Indiana’s New ‘Religious Freedom’ Bill

Indiana Governor Mike Pence signed a new Religious Freedom Restoration Act yesterday. That could have some dire consequences.  If we are to believe the media, this means that businesses are going to start turning gay people away at the door and Indiana is going to be a horrible place to be gay.

Let’s take a step back and be real about all of this.  First of all the, Federal Government passed a Religious Freedom Restoration Act in 1993, this Act was signed with the intention of government not being able to infringe upon a person’s ability to freely exercise of his or her religion.  This law was passed, in 1993, so that the government could not infringe on Native American land or the use of peyote in Native American religious ceremonies.

In 1997, in the case of City of Boerne v. Floresthe Supreme Court Ruled that the Religious Freedom Restoration Act did not apply to the states because of the 14th Amendment and after this states began passing their own Religious Freedom Restoration Acts. Since 1997 nineteen states have signed Religious Freedom Restoration Acts, with Alabama making theirs a state constitutional amendment.
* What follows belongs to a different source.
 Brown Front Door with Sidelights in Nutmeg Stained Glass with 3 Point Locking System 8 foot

Let’s look at the Indiana law that everyone is talking about.  It is is taken from

Religious freedom restoration act. Provides that a state or local government action may not substantially burden a person’s right to the exercise of religion unless it is demonstrated that applying the burden to the person’s exercise of religion is: (1) essential to further a compelling governmental interest; and (2) the least restrictive means of furthering the compelling governmental interest. Provides that a person whose exercise of religion has been substantially burdened, or is likely to be substantially burdened, by a state or local government action may assert the burden as a claim or defense in a judicial proceeding, regardless of whether the state or a political subdivision of the state is a party to the judicial proceeding. Allows a person who asserts a burden as a claim or defense to obtain appropriate relief, including: (1) injunctive relief; (2) declaratory relief; (3) compensatory damages; and (4) recovery of court costs and reasonable attorney’s fees…
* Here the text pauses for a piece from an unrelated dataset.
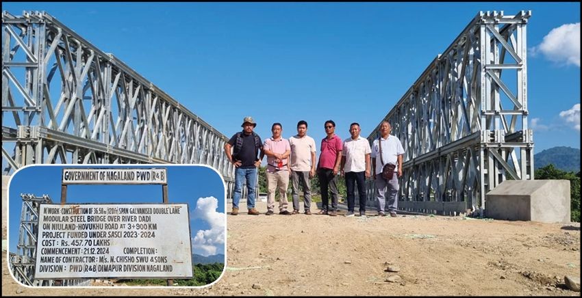 NFHRCC inspection team with PWD (Roads & Bridges) engineers on the modular galvanised steel 2-lane bridge over the Dadi River, which falls on the Niuland segment of the Nagaland Foothills Road on November 22. (Morung Photo)

A state or local government cannot prevent anyone from exercising their religion unless it’s for a compelling government interest. If it is limited, it must be done in the least restrictive way.  I don’t think those two lines are what people have problems with.  Let’s keep looking.  “A person whose exercise of religion has been substantially burdenedor likely to be substantially burdened by state or local government action may state their claim in court whether or not the government is a party to the case.”  Blah, blah, blah you can get money or other relief.
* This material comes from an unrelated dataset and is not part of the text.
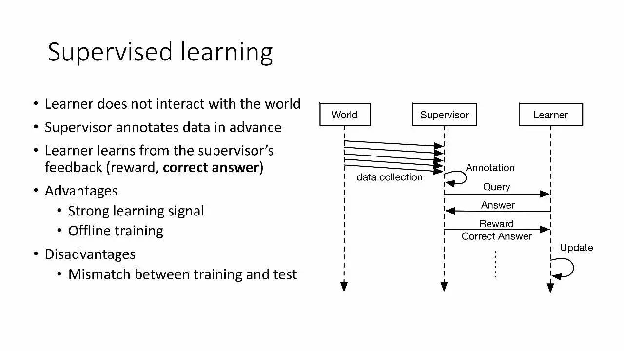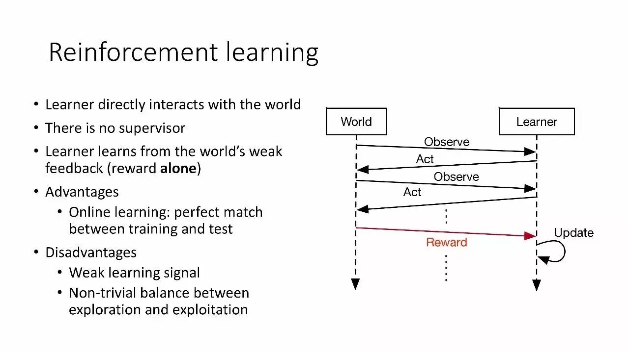 学习者从监督者的反馈(奖励,正确答案)中学习

The interpretation of the emphasized lines is where things get tricky.  If someone is substantially burdened by state or government action, then how would the government not be party to the case?  This is why so many news outlets and people see this law as being problematic.  Because that line implies that individuals (business owners) can claim that another person is burdening their religious freedom, and the law would agree with them.  Toleration goes both ways and this law doesn’t seem to do so.  The lawmakers may have had all the good intentions in the world, but the way this law is written, it’s creating all the lawsuits in the world.